My neurologist ordered a three-day IV steroid course followed by oral treatment. I’m in a potential four months plus long relapse that ramped up with new symptoms a week ago. I’ve never used steroids before. The first infusion was yesterday. I was very surprised to already today notice several improvements - no internal vibrations, fewer cramps, easier to stand and walk. Is it possible that these improvements are temporary and just due to being high on steroids? I can hardly believe it and I am afraid to trust that they are “real.” Until now I haven’t had any “good” days - the symptoms have been there the whole time.
i had iv steroids and felt great, felt strong and unstoppable.
then i had a massive episode of roid rage!
my temper went through the roof.
me and the family survived though!
for me the improvements were temporary but you are not me so good luck and i hope your improvements last.
I’ve spent a lot of time telling people that steroids can work wonders, then the next time fail utterly.
In the last few weeks I’ve discovered that they can actually work flipping miracles. I’ve had oral steroids before and always thought they weren’t as good as IV. And yet held onto the belief that sometimes they are exactly what’s needed.
I’ve had a relapse (supposed to be SP, but you know, MS does what the hell it likes, when ever and to whomever it pleases) and very quickly realised it was a relapse, tested my wee, no infection, checked the use by date of the steroids I had and decided to take them. Then emailed my MS nurse to tell her what I’d done.
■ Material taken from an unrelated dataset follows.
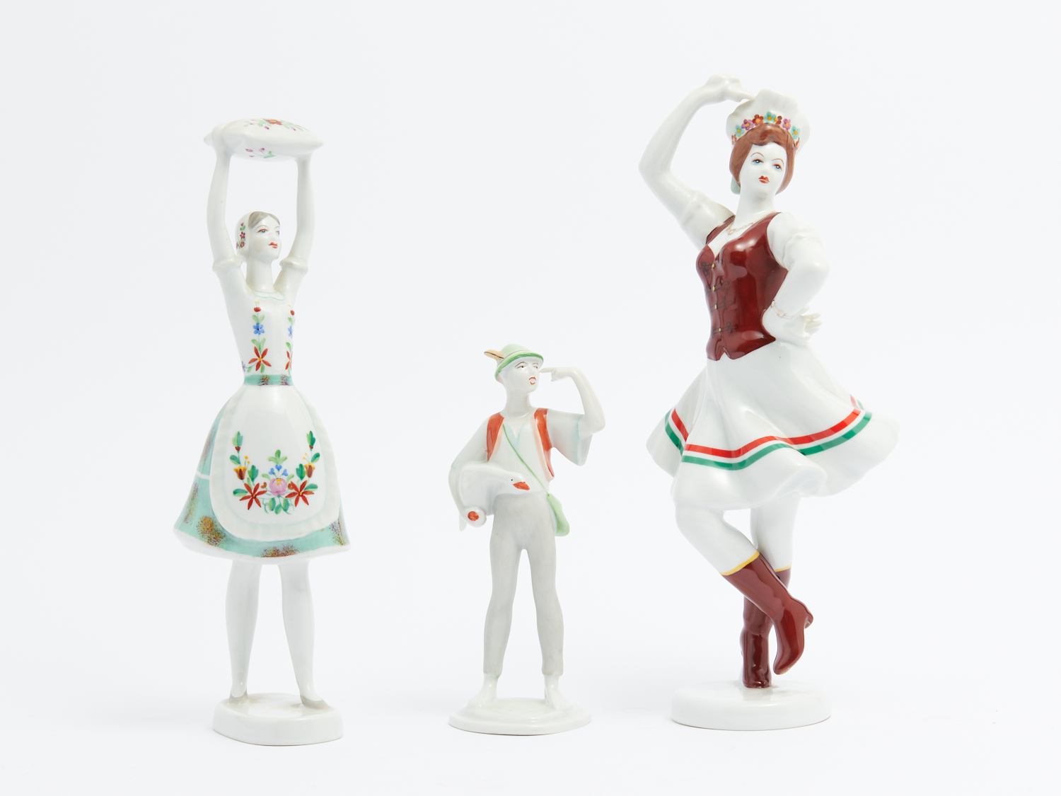THREE HOLLOHAZA PORCELAIN FIGURES IN FOLK HUNGARIAN DRESS H.31CM (TALLEST), LEONARD JOEL DELIVERY SIZE: LARGE

And halle-bloody-luiah, they didn’t just make my so called ’good’ leg start working again, and my left hand able to form a fist again (which had been badly affected very fast), they actually made my ‘bad’ leg start picking up a bit better too.
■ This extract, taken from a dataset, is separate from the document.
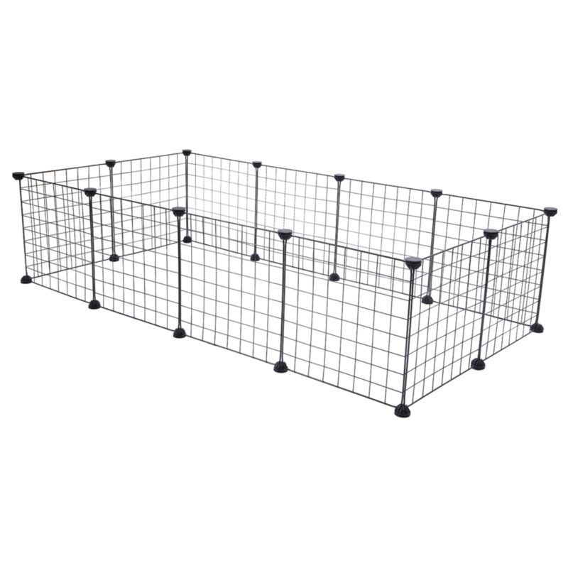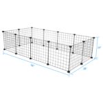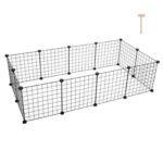 This portable metal pet playpen provides a secure indoor/outdoor enclosure for small animals like guinea pigs and rabbits. Easy to assemble with included instructions, mallet, and plastic connectors, it features an expandable design for customizable layouts. The open wire structure allows clear visibility from all angles while durable metal panels ensure stability. Suitable for hedgehogs, hamsters, and other small pets.

So yes, they can work amazingly well. And very quickly too. Believe in your improvement. It’s entirely likely to be trustworthy.
May it continue to do wondrous things.
My husband started some yesterday and today he feels better. Didnt seem possible that they could be responsible - but who knows?
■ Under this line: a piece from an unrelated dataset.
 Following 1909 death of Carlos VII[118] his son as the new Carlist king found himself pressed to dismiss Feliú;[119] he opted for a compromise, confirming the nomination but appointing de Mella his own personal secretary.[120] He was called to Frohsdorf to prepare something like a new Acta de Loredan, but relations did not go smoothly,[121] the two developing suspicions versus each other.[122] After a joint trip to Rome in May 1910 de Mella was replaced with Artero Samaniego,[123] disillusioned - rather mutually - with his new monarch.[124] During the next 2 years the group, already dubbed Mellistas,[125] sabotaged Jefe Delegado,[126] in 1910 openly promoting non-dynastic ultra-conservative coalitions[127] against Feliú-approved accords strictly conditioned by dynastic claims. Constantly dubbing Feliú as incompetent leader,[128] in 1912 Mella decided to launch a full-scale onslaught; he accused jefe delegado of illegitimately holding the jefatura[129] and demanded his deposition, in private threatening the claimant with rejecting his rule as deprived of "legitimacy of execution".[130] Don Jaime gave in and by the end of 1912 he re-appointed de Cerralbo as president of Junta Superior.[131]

I am so flipping fed up because my usual gp is on sabbatical and the nice young on call duty gp refused to give me steroids.
For me they are the difference between coping with a relapse and not coping.
I don’t have an ms nurse, haven’t seen a consultant in years and Troy along reasonably well with to support ( normally )
My helpful gp is back in November. !!!
Added to my relapse I have picked up a nasty chesty infection which may well also benefit from my usual steroid treatment.
Taking steroids when you already have an infection is a bad idea. The steroids will weaken your immune system, thus helping with the relapse. But making it harder for you to fight off the chest infection. This is why doctors and MS nurses ask whether you have an infection and usually test for a UTI.
So having a different GP working might have worked in your favour, for once.
Oh thanks Sssue I stand corrected but previous to me remember a time when a particularly bad chest infection was treated with steroids so assumed they wouldn’t harm.
Seems so many different opinions ref steelies, even my usual to said no more than 2 times per year then later said no more than 4 only to revert back to 2 again… personally I know the reasons why the reluctance and would prefer to decide for myself if I want them .
Wouldn’t do for us all to be the same though would it.
The steroids ease a relapse, although the effects of the relapse end the same, but a bit quicker for you. Never had steroids prescribed just for a booster with m.s, as mine were only given once the neuro looked at me after she saw the relapse causing a problem, as your limited to a dose each 6 months. Felt better with them, but the relapse knocked me, so the usual feeling when you come round applied, so no side effects, but everyone’s different on them.